Bateman onderzocht in een dubbelblinde, placebogecontroleerde cross-overstudie van goede kwaliteit de invloed van kunstmatige kleurstoffen en benzoaten in de voeding bij 397 gezonde kinderen van ca. 3 jaar oud (Bateman et al., 2004). De kinderen kregen een dieet waarbij in week 1 kleurstoffen en benzoaten werden geëlimineerd. In de 3 weken hierna kregen zij kleurstoffen en benzoaat of placebo gesuppleerd. De kinderen vertoonden meer hyperactief gedrag tijdens de periode met voedseladditieven vergeleken dan tijdens de placeboperiode. Het resultaat was onafhankelijk van pre-existente hyperactiviteit van het kind (Bateman et al., 2004). Dit resultaat werd echter alleen door ouders waargenomen en was niet aantoonbaar door de onderzoekers. 30% van de kinderen (in beide armen van de studie) stopte voor het einde van het onderzoek.

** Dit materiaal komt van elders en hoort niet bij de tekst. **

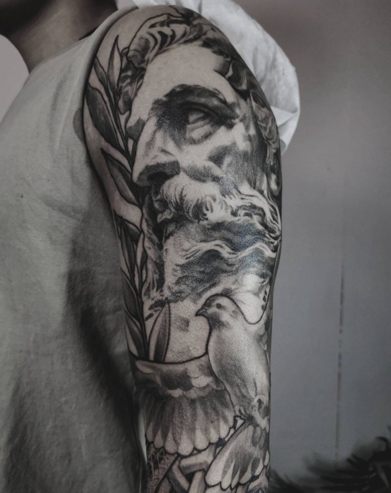 写实风格神话.人物包臂纹身图片_手臂欧美写实波塞冬梦露包臂纹身图案

McCann heeft eveneens een gerandomiseerde placebogecontroleerde cross-overstudie verricht bij 3- en 8/9-jarigen waarbij het effect van verschillende synthetische kleurstoffen en natriumbenzoaat onderzocht werd (McCann et al., 2007). Het onderzoek van goede kwaliteit betreft een groot aantal gezonde kinderen die niet voorgeselecteerd waren op hyperactiviteit of ADHD: 153 3-jarigen en 144 8/9-jarigen. 30 (10%) kinderen hebben het onderzoek niet afgemaakt. Het uitvalpercentage verschilde niet per groep. De aanwezigheid van kleurstoffen en natriumbenzoaat leidde tot meer hyperactief gedrag in beide leeftijdsgroepen. Het gemiddelde effect gemeten met verschillende testen varieerde van 0,12 SD (95% BI 0,02-0,23) tot 0,20 SD (95% BI 0,01-0,39). Als de gemiddelde hyperactiviteit van kinderen met ADHD 2 SD’s boven die van gezonde kinderen ligt, zullen voedseladditieven slechts 10% van het verschil in gedrag tussen een kind met ADHD en een kind zonder ADHD verklaren.

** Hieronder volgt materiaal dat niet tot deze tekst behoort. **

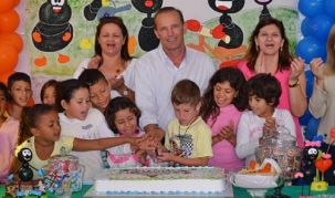 O Dia das Crianças em Moreira Sales teve entrega de bolos, doces e salgados nas escolas e creches municipais. No total foram 146 quilos de bolos. O prefeito Luiz Volpato, acompanhado da secretária Eugênia Viotto (Educação), visitou as escolas e se fez presente na festança da criançada. Agora, cá pra nós: é impressão ou as crianças estão se pegando na frente do bolo enquanto o prefeito faz pose pro clic?...

Recent is in een Nederlands RCT van matige kwaliteit bij een geselecteerde groep 4- tot 8-jarige kinderen met ADHD (n = 30) gekeken naar het effect van een eliminatiedieet (Pelsser et al., 2011). Alleen kinderen met ADHD die positief reageerden op een open eliminatiedieet kwamen in aanmerking voor de studie, hierdoor zijn de resultaten niet generaliseerbaar naar gezonde kinderen. Bij 19 van de 30 kinderen recidiveerden de ADHD-klachten na reïntroductie van drie voedingsmiddelen. Hoewel per individu in een cross-overopzet dubbelblind 3 lage of hoge specifieke IgG positieve voedingsmiddelen werden gegeven, waren de gevolgen op het gedrag van het kind niet op basis van de mate van IgG-positiviteit te voorspellen. In dit onderzoek werd niet gebruikgemaakt van dubbelblinde vergelijking met placebo.